Acetyl- l-carnitine corrects the altered peripheral nerve function of experimental diabetes

Acetyl- l-carnitine (ALC) has been shown to facilitate the repair of transected sciatic nerves. The effect of ALC (50 mg/kg/d) on the diminished nerve conduction velocity (NCV) of rats with streptozotocin (STZ)-induced hyperglycemia of 3 weeks' duration was evaluated. The aldose reductase inhibitor, sorbinil, which is reported to normalize the impaired NCV associated with experimental diabetes, was used as a positive control. Aldose reductase inhibitors are thought to have an effect by decreasing peripheral nerve sorbitol content and increasing nerve myo-inositol. Treatment of STZ-diabetic rats with either ALC or sorbinil resulted in normal NCV. Sorbinil treatment was associated with normalized sciatic nerve sorbitol and myo-inositol; ALC treatment did not reduce the elevated sorbitol levels, but sciatic nerve myo-inositol content was no different from nondiabetic levels.
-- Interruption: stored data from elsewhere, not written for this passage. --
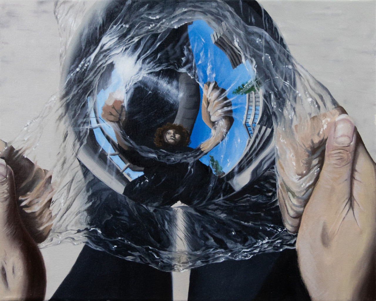 Mimikry und Imitation sind Teil des Daseins eines Menschen. Ob bewusst oder unbewusst, wir orientieren uns am Gegenüber. Wir beobachten und lernen. Wir ahmen nach. Wir bilden uns und unser Dasein durch das Synchronisieren mit Personen aus unserem Umfeld. Dies zeigt eine gewisse Abhängigkeit auf, da wir unsere Mitmenschen brauchen, um zu entdecken wer wir selber sind. Die Arbeit setzt sich malerisch mit dem Thema der Selbstwahrnehmung auseinander, die aus einer Wechselwirkung von inneren Vorgängen und äusseren Einflüssen besteht. Verzerrte Spiegelungen und diffuse Selbstportraits zeigen, dass die Empfindung des Ichs ohne Mitmenschen vage ist. Rezipient*innen sind bedeutsam und komplettieren das Werk, indem sie sich als Gegenüber wahrnehmen.
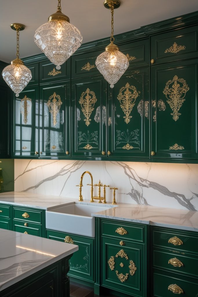 For an opulent look, pair deep green cabinetry with gold accents. Gold hardware, pendant lighting, and marble countertops elevate the sophistication.
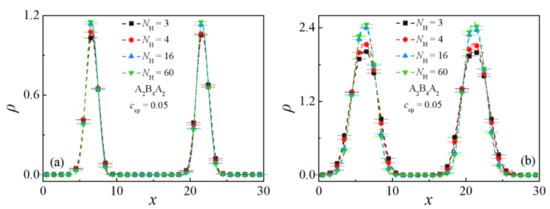 Density profiles of beads A + B of the triblock copolymer along the x-axis as a function of the homopolymer chain length with (a) A2B4A2, ccp = 0.05, (b) A7B14A7, ccp = 0.2.
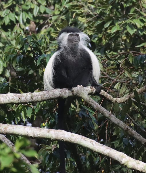 – Chercher le mouvement : les colobes d’Angola vivent généralement en groupe (2 à 20 en moyenne) et les mâles dominants font régulièrement le tour du groupe, parfois en secouant les branches volontairement pour bien signaler leur territoire. De plus, ils sont souvent associés aux singes bleus (voir l’article singe bleu) et au très rare Kipunji (Rungwecebus kipunji) dans la région du parc national de Kitulo.

Both ALC and sorbinil treatment of STZ-diabetic rats were associated with a reduction in the elevated malondialdehyde (MDA) content of diabetic sciatic nerve, indicating reduced lipid peroxidation. The beneficial effects of sorbinil and ALC on the altered peripheral nerve function associated with diabetes were similar, but their effects on the polyol pathway (frequently implicated in the pathogenesis of peripheral neuropathy) were different.